Stored records:
******************************

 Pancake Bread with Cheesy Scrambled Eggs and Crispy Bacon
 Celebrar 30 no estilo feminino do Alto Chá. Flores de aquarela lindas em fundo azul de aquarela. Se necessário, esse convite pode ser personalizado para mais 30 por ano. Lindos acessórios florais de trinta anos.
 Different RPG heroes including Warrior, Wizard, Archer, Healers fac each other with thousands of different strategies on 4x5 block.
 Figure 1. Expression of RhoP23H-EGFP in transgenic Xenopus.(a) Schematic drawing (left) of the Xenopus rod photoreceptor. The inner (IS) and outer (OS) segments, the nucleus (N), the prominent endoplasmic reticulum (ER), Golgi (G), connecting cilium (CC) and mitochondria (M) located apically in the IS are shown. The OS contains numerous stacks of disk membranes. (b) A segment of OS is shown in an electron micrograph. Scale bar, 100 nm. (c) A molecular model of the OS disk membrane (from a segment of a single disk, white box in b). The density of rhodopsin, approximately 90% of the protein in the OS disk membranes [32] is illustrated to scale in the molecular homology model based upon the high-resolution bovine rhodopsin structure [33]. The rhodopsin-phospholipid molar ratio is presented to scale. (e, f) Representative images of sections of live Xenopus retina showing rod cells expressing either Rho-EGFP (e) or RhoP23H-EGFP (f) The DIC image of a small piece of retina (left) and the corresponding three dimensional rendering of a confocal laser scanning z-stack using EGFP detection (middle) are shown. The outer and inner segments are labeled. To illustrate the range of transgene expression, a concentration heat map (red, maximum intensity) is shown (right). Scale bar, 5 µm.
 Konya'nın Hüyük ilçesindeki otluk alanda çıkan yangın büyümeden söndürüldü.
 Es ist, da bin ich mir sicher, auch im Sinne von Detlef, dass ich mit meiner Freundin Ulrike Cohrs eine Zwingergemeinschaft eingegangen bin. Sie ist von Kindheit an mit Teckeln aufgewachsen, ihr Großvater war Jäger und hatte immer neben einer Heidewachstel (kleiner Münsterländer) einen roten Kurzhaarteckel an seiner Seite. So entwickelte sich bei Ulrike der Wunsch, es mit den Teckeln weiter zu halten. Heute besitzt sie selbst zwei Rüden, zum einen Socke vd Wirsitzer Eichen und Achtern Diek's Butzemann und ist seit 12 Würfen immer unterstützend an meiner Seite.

******************************

» **Activity**:
Please reproduce all of the records exactly as they stand.

» **Answer section**:
 Pancake Bread with Cheesy Scrambled Eggs and Crispy Bacon
 Celebrar 30 no estilo feminino do Alto Chá. Flores de aquarela lindas em fundo azul de aquarela. Se necessário, esse convite pode ser personalizado para mais 30 por ano. Lindos acessórios florais de trinta anos.
 Different RPG heroes including Warrior, Wizard, Archer, Healers fac each other with thousands of different strategies on 4x5 block.
 Figure 1. Expression of RhoP23H-EGFP in transgenic Xenopus.(a) Schematic drawing (left) of the Xenopus rod photoreceptor. The inner (IS) and outer (OS) segments, the nucleus (N), the prominent endoplasmic reticulum (ER), Golgi (G), connecting cilium (CC) and mitochondria (M) located apically in the IS are shown. The OS contains numerous stacks of disk membranes. (b) A segment of OS is shown in an electron micrograph. Scale bar, 100 nm. (c) A molecular model of the OS disk membrane (from a segment of a single disk, white box in b). The density of rhodopsin, approximately 90% of the protein in the OS disk membranes [32] is illustrated to scale in the molecular homology model based upon the high-resolution bovine rhodopsin structure [33]. The rhodopsin-phospholipid molar ratio is presented to scale. (e, f) Representative images of sections of live Xenopus retina showing rod cells expressing either Rho-EGFP (e) or RhoP23H-EGFP (f) The DIC image of a small piece of retina (left) and the corresponding three dimensional rendering of a confocal laser scanning z-stack using EGFP detection (middle) are shown. The outer and inner segments are labeled. To illustrate the range of transgene expression, a concentration heat map (red, maximum intensity) is shown (right). Scale bar, 5 µm.
 Konya'nın Hüyük ilçesindeki otluk alanda çıkan yangın büyümeden söndürüldü.
 Es ist, da bin ich mir sicher, auch im Sinne von Detlef, dass ich mit meiner Freundin Ulrike Cohrs eine Zwingergemeinschaft eingegangen bin. Sie ist von Kindheit an mit Teckeln aufgewachsen, ihr Großvater war Jäger und hatte immer neben einer Heidewachstel (kleiner Münsterländer) einen roten Kurzhaarteckel an seiner Seite. So entwickelte sich bei Ulrike der Wunsch, es mit den Teckeln weiter zu halten. Heute besitzt sie selbst zwei Rüden, zum einen Socke vd Wirsitzer Eichen und Achtern Diek's Butzemann und ist seit 12 Würfen immer unterstützend an meiner Seite.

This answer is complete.